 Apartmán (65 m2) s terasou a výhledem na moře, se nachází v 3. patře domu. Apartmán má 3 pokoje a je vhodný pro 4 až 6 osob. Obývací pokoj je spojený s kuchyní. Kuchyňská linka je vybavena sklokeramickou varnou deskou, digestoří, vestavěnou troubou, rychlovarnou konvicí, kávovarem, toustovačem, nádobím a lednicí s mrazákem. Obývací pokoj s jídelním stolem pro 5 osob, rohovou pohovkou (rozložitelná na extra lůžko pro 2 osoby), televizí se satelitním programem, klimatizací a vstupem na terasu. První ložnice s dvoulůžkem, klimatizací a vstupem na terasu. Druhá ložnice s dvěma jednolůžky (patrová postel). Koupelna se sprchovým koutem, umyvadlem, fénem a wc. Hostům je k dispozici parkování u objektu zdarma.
+++
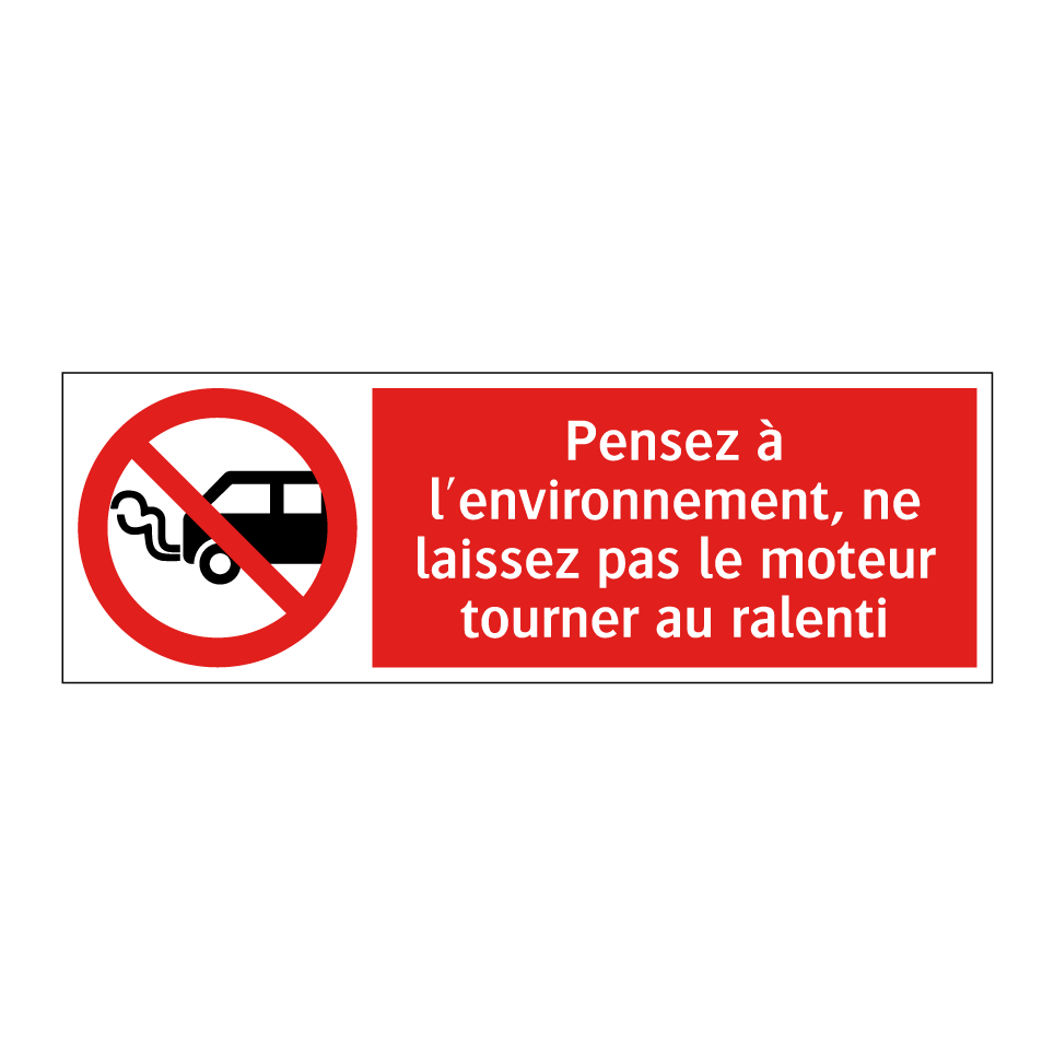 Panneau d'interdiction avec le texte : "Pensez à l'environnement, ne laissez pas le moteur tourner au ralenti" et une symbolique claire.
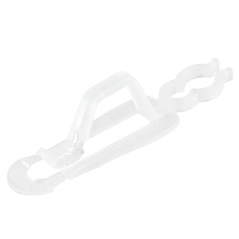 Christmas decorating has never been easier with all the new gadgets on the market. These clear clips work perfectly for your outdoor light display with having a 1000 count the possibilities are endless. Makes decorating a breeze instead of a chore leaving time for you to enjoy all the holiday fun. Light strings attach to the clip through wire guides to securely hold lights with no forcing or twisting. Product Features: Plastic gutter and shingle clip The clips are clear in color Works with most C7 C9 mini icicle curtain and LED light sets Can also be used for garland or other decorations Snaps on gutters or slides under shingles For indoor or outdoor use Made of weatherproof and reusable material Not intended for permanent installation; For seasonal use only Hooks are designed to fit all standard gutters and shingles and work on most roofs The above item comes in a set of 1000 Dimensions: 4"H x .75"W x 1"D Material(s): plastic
+++
◆ TO DO ◆
In the records above, copy exactly everything from the line that has "Panneau d'interdiction avec" down to the line that has "Christmas decorating has", both ends included, and leave out the pictures.

◆ SOLUTION TO THIS TASK ◆
 Panneau d'interdiction avec le texte : "Pensez à l'environnement, ne laissez pas le moteur tourner au ralenti" et une symbolique claire.
 Christmas decorating has never been easier with all the new gadgets on the market. These clear clips work perfectly for your outdoor light display with having a 1000 count the possibilities are endless. Makes decorating a breeze instead of a chore leaving time for you to enjoy all the holiday fun. Light strings attach to the clip through wire guides to securely hold lights with no forcing or twisting. Product Features: Plastic gutter and shingle clip The clips are clear in color Works with most C7 C9 mini icicle curtain and LED light sets Can also be used for garland or other decorations Snaps on gutters or slides under shingles For indoor or outdoor use Made of weatherproof and reusable material Not intended for permanent installation; For seasonal use only Hooks are designed to fit all standard gutters and shingles and work on most roofs The above item comes in a set of 1000 Dimensions: 4"H x .75"W x 1"D Material(s): plastic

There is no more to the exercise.